Leave the pictures out. Retype exactly the lines below from the one containing "- 은행창구에서 등록금을" through the one containing "Pakistan’s retail payment", and no others.

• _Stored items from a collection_
*** Block opens ***
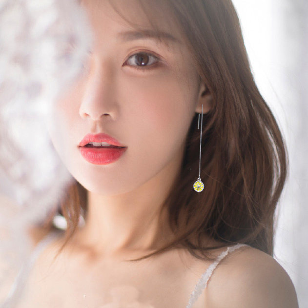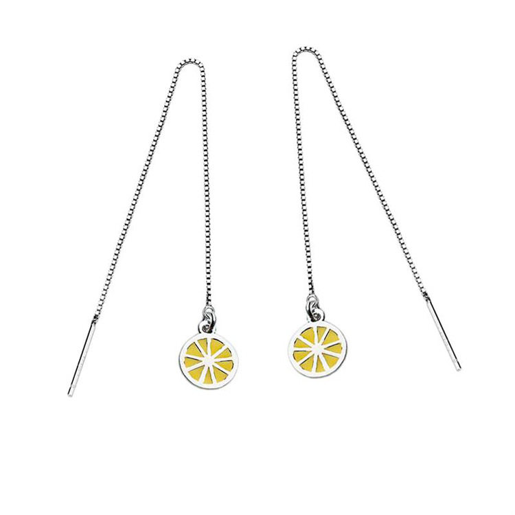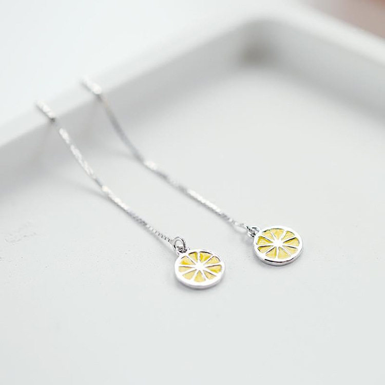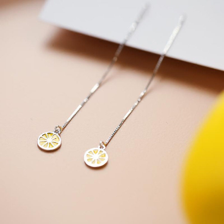 Pure silver earrings 925 silver temperament fresh lemon ear line lukewarm wind female Han version Fashion Brief Ear Ornaments-Taobao
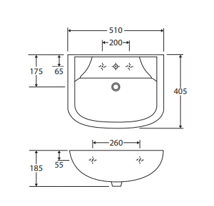 This wall-mounted basin combines style and functionality, making it perfect for bathrooms, ensuites, or powder rooms. The gloss white finish provides a clean, contemporary look, while the durable vitreous china construction ensures long-lasting performance and easy maintenance. Designed with one tap hole and an integrated overflow, it requires a 32mm waste with overflow (not included). Wall mounting bolts are supplied for secure installation, and a chrome overflow ring is available separately (OVERFLOW) for a polished finishing touch. Made in the UAE to deliver superior quality and craftsmanship.
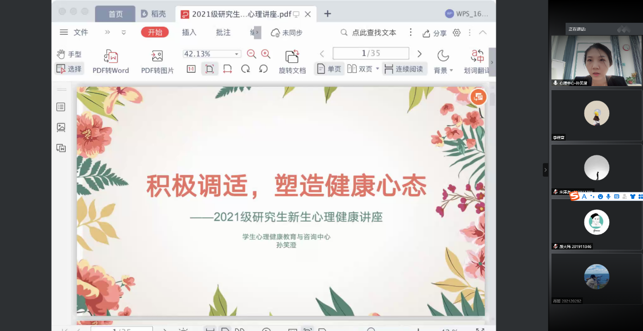 2021年9月10日上午9时,beat365中文官方网站在线上开展了2021级研究生新生心理健康讲座。学生心理健康教育与咨询中心孙笑澄老师就“积极调试,塑造健康心态”主题为新生们针对研究生阶段可能遇到的心理问题提出了应对方法。
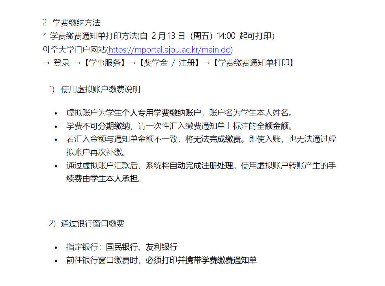 - 은행창구에서 등록금을 수납할 경우 등록금 고지서를 반드시 출력하여 지참해야 함
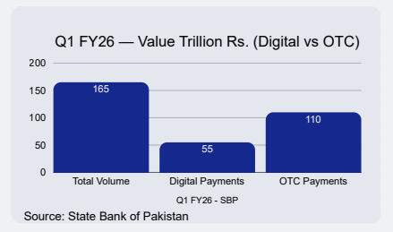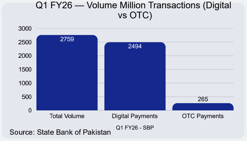 Pakistan’s retail payment ecosystem is now operating at national scale. According to the State Bank of Pakistan, in Q1 FY26, 2.5 billion payments were processed through digital channels, representing around 90 percent of total retail payment volume, up from 87 percent in the same quarter of the previous fiscal year (Q1 FY25). Growth is increasingly app-led: approximately 2.0 billion payments were conducted via mobile banking and wallet applications in the same quarter, accounting for roughly 81 percent of all digital payments and processing PKR 33.7 trillion in value. This scale signals a structural shift. Digital payments in Pakistan are no longer confined to pilots, early adopters, or urban niches. They are embedded across banking, branchless banking, and consumer-facing platforms nationwide. The country has successfully crossed the threshold from experimentation to mass usage.
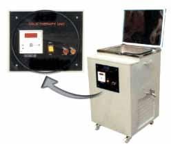 COLD THERAPY UNIT : Made out of heavy gauge stainless steel sheet. Tank is fully insulated in between top and sides. Size of tank is 30 x 45 x35 cm. Fitted with heavy-duty cooling unit and thermostat for temperature control. A drain valve is provided for emptying. Mounted on 3" sizes ball bearing rubber castors for easily mobility. Comes with 6 standard packs, (Size 10" x 12"). Containing special silica gel crystals. Finished bright inside and special paint outside
*** Block closes ***
• _Exercise result_
 - 은행창구에서 등록금을 수납할 경우 등록금 고지서를 반드시 출력하여 지참해야 함
 Pakistan’s retail payment ecosystem is now operating at national scale. According to the State Bank of Pakistan, in Q1 FY26, 2.5 billion payments were processed through digital channels, representing around 90 percent of total retail payment volume, up from 87 percent in the same quarter of the previous fiscal year (Q1 FY25). Growth is increasingly app-led: approximately 2.0 billion payments were conducted via mobile banking and wallet applications in the same quarter, accounting for roughly 81 percent of all digital payments and processing PKR 33.7 trillion in value. This scale signals a structural shift. Digital payments in Pakistan are no longer confined to pilots, early adopters, or urban niches. They are embedded across banking, branchless banking, and consumer-facing platforms nationwide. The country has successfully crossed the threshold from experimentation to mass usage.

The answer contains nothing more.